*** MATERIAL PROVIDED Section Begins ***

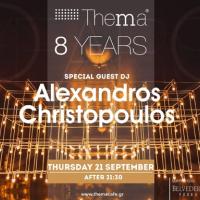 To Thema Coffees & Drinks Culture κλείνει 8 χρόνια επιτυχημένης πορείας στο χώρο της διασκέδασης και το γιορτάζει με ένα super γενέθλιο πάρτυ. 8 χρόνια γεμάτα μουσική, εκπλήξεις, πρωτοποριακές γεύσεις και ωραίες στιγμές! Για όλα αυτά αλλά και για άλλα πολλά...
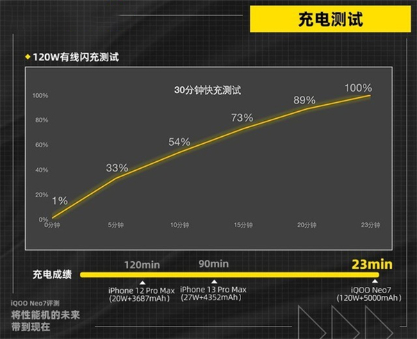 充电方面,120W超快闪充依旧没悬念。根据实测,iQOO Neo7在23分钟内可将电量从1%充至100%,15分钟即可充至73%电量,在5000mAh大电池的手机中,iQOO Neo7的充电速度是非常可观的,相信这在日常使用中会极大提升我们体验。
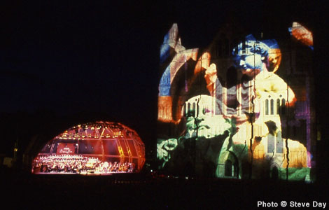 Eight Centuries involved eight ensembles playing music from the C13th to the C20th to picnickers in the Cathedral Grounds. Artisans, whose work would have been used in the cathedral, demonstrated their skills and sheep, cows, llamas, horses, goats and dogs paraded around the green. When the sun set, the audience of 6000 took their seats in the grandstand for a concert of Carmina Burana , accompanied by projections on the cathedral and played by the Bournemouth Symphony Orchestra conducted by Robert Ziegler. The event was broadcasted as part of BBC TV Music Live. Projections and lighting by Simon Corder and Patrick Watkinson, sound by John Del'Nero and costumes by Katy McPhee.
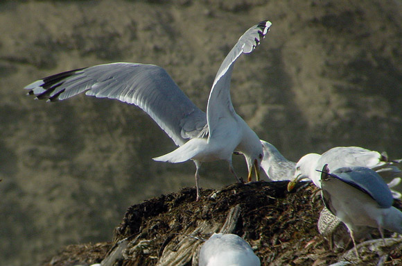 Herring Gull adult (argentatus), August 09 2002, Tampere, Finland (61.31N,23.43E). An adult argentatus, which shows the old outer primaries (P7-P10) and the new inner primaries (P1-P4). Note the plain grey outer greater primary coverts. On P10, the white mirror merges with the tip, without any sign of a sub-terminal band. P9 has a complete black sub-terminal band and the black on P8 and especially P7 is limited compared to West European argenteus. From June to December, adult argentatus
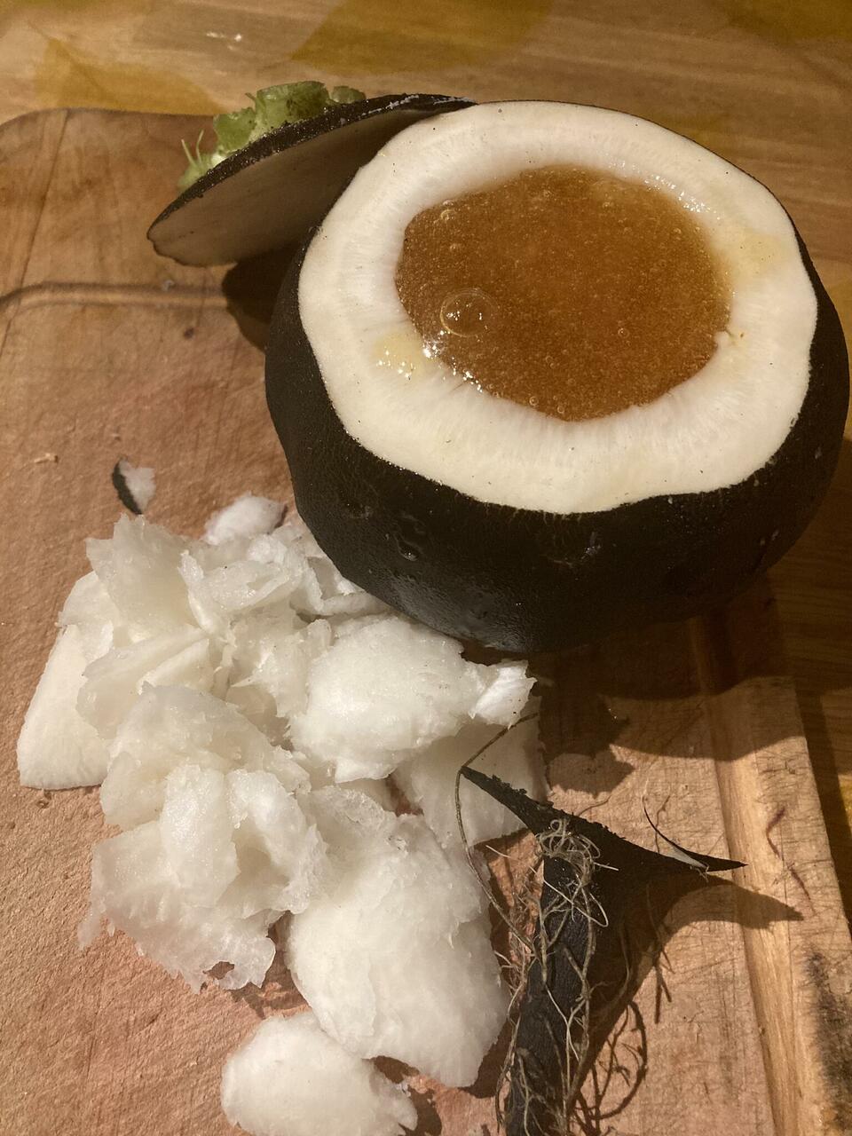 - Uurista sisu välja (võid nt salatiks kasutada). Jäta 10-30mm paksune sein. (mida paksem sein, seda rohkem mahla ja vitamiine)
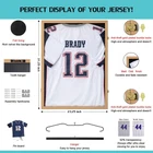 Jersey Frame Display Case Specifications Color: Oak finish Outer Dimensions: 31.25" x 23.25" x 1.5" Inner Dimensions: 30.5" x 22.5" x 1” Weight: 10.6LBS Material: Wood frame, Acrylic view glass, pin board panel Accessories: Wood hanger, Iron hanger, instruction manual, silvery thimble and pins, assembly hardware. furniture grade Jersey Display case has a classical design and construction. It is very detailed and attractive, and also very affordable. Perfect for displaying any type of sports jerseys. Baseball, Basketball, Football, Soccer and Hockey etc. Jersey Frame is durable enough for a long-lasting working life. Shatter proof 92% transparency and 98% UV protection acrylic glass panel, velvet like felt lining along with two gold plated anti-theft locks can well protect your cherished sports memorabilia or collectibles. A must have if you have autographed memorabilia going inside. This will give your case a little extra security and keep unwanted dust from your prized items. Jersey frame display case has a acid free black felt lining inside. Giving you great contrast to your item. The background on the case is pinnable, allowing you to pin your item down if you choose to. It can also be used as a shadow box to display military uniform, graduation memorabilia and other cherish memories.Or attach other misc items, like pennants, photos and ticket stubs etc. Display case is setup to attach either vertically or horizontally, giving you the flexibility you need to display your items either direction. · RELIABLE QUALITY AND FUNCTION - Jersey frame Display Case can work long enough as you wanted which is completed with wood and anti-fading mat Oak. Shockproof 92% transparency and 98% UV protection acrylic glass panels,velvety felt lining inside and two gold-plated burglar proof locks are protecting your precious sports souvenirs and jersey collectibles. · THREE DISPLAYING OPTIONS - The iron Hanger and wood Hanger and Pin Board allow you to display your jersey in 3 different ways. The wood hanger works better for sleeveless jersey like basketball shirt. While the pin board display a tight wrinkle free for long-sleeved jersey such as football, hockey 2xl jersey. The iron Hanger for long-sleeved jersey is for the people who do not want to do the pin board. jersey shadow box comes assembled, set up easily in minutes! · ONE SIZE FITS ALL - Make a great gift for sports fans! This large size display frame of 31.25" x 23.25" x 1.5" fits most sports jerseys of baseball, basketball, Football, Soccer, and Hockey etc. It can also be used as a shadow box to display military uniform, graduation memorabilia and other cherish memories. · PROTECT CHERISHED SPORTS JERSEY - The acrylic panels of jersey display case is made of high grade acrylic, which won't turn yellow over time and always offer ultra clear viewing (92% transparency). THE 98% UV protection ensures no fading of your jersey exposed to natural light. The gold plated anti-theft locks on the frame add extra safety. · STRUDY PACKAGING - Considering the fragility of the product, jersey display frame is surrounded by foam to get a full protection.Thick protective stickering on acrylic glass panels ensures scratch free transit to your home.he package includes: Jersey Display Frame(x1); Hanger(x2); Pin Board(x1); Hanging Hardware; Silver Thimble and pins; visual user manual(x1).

*** MATERIAL PROVIDED Section Ends ***

## [WORK INSTRUCTION]
The listing above is to be retyped exactly, with all pictures left out.

## [RESPONSE]
 To Thema Coffees & Drinks Culture κλείνει 8 χρόνια επιτυχημένης πορείας στο χώρο της διασκέδασης και το γιορτάζει με ένα super γενέθλιο πάρτυ. 8 χρόνια γεμάτα μουσική, εκπλήξεις, πρωτοποριακές γεύσεις και ωραίες στιγμές! Για όλα αυτά αλλά και για άλλα πολλά...
 充电方面,120W超快闪充依旧没悬念。根据实测,iQOO Neo7在23分钟内可将电量从1%充至100%,15分钟即可充至73%电量,在5000mAh大电池的手机中,iQOO Neo7的充电速度是非常可观的,相信这在日常使用中会极大提升我们体验。
 Eight Centuries involved eight ensembles playing music from the C13th to the C20th to picnickers in the Cathedral Grounds. Artisans, whose work would have been used in the cathedral, demonstrated their skills and sheep, cows, llamas, horses, goats and dogs paraded around the green. When the sun set, the audience of 6000 took their seats in the grandstand for a concert of Carmina Burana , accompanied by projections on the cathedral and played by the Bournemouth Symphony Orchestra conducted by Robert Ziegler. The event was broadcasted as part of BBC TV Music Live. Projections and lighting by Simon Corder and Patrick Watkinson, sound by John Del'Nero and costumes by Katy McPhee.
 Herring Gull adult (argentatus), August 09 2002, Tampere, Finland (61.31N,23.43E). An adult argentatus, which shows the old outer primaries (P7-P10) and the new inner primaries (P1-P4). Note the plain grey outer greater primary coverts. On P10, the white mirror merges with the tip, without any sign of a sub-terminal band. P9 has a complete black sub-terminal band and the black on P8 and especially P7 is limited compared to West European argenteus. From June to December, adult argentatus
 - Uurista sisu välja (võid nt salatiks kasutada). Jäta 10-30mm paksune sein. (mida paksem sein, seda rohkem mahla ja vitamiine)
 Jersey Frame Display Case Specifications Color: Oak finish Outer Dimensions: 31.25" x 23.25" x 1.5" Inner Dimensions: 30.5" x 22.5" x 1” Weight: 10.6LBS Material: Wood frame, Acrylic view glass, pin board panel Accessories: Wood hanger, Iron hanger, instruction manual, silvery thimble and pins, assembly hardware. furniture grade Jersey Display case has a classical design and construction. It is very detailed and attractive, and also very affordable. Perfect for displaying any type of sports jerseys. Baseball, Basketball, Football, Soccer and Hockey etc. Jersey Frame is durable enough for a long-lasting working life. Shatter proof 92% transparency and 98% UV protection acrylic glass panel, velvet like felt lining along with two gold plated anti-theft locks can well protect your cherished sports memorabilia or collectibles. A must have if you have autographed memorabilia going inside. This will give your case a little extra security and keep unwanted dust from your prized items. Jersey frame display case has a acid free black felt lining inside. Giving you great contrast to your item. The background on the case is pinnable, allowing you to pin your item down if you choose to. It can also be used as a shadow box to display military uniform, graduation memorabilia and other cherish memories.Or attach other misc items, like pennants, photos and ticket stubs etc. Display case is setup to attach either vertically or horizontally, giving you the flexibility you need to display your items either direction. · RELIABLE QUALITY AND FUNCTION - Jersey frame Display Case can work long enough as you wanted which is completed with wood and anti-fading mat Oak. Shockproof 92% transparency and 98% UV protection acrylic glass panels,velvety felt lining inside and two gold-plated burglar proof locks are protecting your precious sports souvenirs and jersey collectibles. · THREE DISPLAYING OPTIONS - The iron Hanger and wood Hanger and Pin Board allow you to display your jersey in 3 different ways. The wood hanger works better for sleeveless jersey like basketball shirt. While the pin board display a tight wrinkle free for long-sleeved jersey such as football, hockey 2xl jersey. The iron Hanger for long-sleeved jersey is for the people who do not want to do the pin board. jersey shadow box comes assembled, set up easily in minutes! · ONE SIZE FITS ALL - Make a great gift for sports fans! This large size display frame of 31.25" x 23.25" x 1.5" fits most sports jerseys of baseball, basketball, Football, Soccer, and Hockey etc. It can also be used as a shadow box to display military uniform, graduation memorabilia and other cherish memories. · PROTECT CHERISHED SPORTS JERSEY - The acrylic panels of jersey display case is made of high grade acrylic, which won't turn yellow over time and always offer ultra clear viewing (92% transparency). THE 98% UV protection ensures no fading of your jersey exposed to natural light. The gold plated anti-theft locks on the frame add extra safety. · STRUDY PACKAGING - Considering the fragility of the product, jersey display frame is surrounded by foam to get a full protection.Thick protective stickering on acrylic glass panels ensures scratch free transit to your home.he package includes: Jersey Display Frame(x1); Hanger(x2); Pin Board(x1); Hanging Hardware; Silver Thimble and pins; visual user manual(x1).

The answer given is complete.